Un amour qui promet peu et qui pourtant peut donner beaucoup.

Le lendemain matin, nouvelle visite de M. Burchell ; pour bonnes raisons, ses fréquentes apparitions commençaient à me déplaire ; mais le moyen de lui refuser ma compagnie et le coin de mon feu ! Au fait, son travail payait, et bien au delà, sa dépense ; car il nous secondait avec vigueur. Pour faner, pour mettre en meule, il était toujours le premier. D’ailleurs, avec lui, toujours quelque propos amusant qui allégeait, pour nous, la fatigue ; c’était une tête à la fois si extravagante et si sensée, que je l’aimais, que j’en riais, que j’en avais pitié. Mon seul grief était l’attachement qu’il montrait pour Sophie ; il l’appelait, pour plaisanter, sa petite maîtresse, et, quand il achetait quelques rubans pour mes filles, celui de Sophie était toujours le mieux. Je ne savais trop comment, mais chaque jour je croyais voir ses manières devenir plus aimables, son esprit s’épurer, sa bonhomie s’élever à toute la hauteur de la sagesse.
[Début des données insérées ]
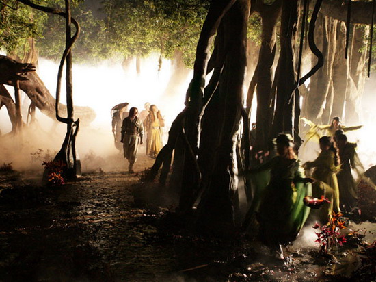 榕 樹 林 絕美程度:★★★★☆ 經典劇情: 小龍女不認楊過、楊過大戰魚網陣等 榕樹林里的美只有在夜晚你才能感受到, 而多場在絕情谷里的重頭戲,諸如小龍女不認楊過,都是在這里拍攝的夜戲,加上夢境般的燈光,鮮艷的情花配上水霧,這里確實是一個可以讓人忘憂忘情的地方。這個占地一千平米左右的榕樹林,遠遠一看與真樹無異,只是較之四周有些凋落的植被相比,就顯得有些過青嫩了些。原來這一片枝繁葉茂,盤根錯結的榕樹林皆是由水泥澆鑄而成,樹皮紋路都做的栩栩如生,于敏導演表示連拍特寫也不會擔心穿幫。榕樹林下便是鮮艷欲滴的情花叢,霧氣管“埋伏”其中,不時的有水霧產生。 背后的故事: 榕樹林很美,但也因為霧氣里的水氣,讓新建的榕樹林總是泥濘不堪,而拍攝榕樹林戲份時正是浙江象山的梅雨時間,演員們總是帶著滿身泥結束每天的拍攝,而一身白衣的“小龍女”更被工作人員叫上了“小泥女”的外號。榕樹林里的拍攝也是黃曉明映象最為深刻的,不僅因為“楊過”很多大情大性的戲份在這里拍攝,表演上精力耗費不少,還得有著很強的體魄,有一場戲黃曉明就在“榕樹林”里連續拍了半個月的大夜(即通宵),文戲拍完拍武戲部分,不僅被威亞吊著每天飛來飛去,在泥濘的情花叢里還需不斷的穿梭,“姑姑”不認他時,更是在泥濘的地面上一次次的爬行,可以說是苦不堪言。

La famille dînait aux champs ; nous étions assis ou plutôt couchés autour d’un modeste repas, la nappe étendue sur le foin ; M. Burchell animait la fête. Pour surcroît de bonheur, deux merles se répondaient, de deux haies opposées ; le rouge-gorge venait familièrement nous becqueter des miettes dans la main ; autour de nous, chaque bruit ne semblait être que l’écho de la tranquillité. « Jamais, dit Sophie, je ne me trouve dans cette position que je ne songe à un délicieux passage de M. Gay, à ces deux amants qui se frappent et expirent dans les bras l’un de l’autre. Il y a, dans cette description, quelque chose de si touchant que je l’ai lue cent fois avec un ravissement toujours nouveau. — Selon moi, reprit mon fils, les plus beaux traits de cette description sont bien au-dessous de ceux de l’Acis et de la Galatée d’Ovide. Le poëte latin entend mieux l’usage du contraste, et c’est de cette figure, habilement employée, que dépend toute la force du pathétique. — Il est remarquable, ajouta M. Burchell, que les deux poëtes dont vous parlez ont également contribué à fausser le goût, dans leur patrie respective, en surchargeant leurs vers d’épithètes. Des écrivains sans génie ont très-facilement imité leurs défauts, et la poésie anglaise, comme la poésie latine des derniers jours de l’empire romain, n’est aujourd’hui qu’une marqueterie de pompeuses images sans but et sans suite. Ces épithètes sont autant de cordes qui enflent le son sans ajouter au sens. Peut-être, madame, quand je critique ainsi les autres, trouverez-vous juste que je les mette à même de prendre leur revanche ; et, tout de bon, je n’ai fait cette remarque que pour avoir occasion de soumettre à la compagnie une ballade qui, quels que puissent être ses autres défauts, est du moins, je pense, exempte de ceux que je viens de signaler.


BALLADE.


« À moi, bon ermite du vallon ! guide mes pas solitaires vers ce point éloigné d’où ta lampe réjouit la colline de son rayon hospitalier.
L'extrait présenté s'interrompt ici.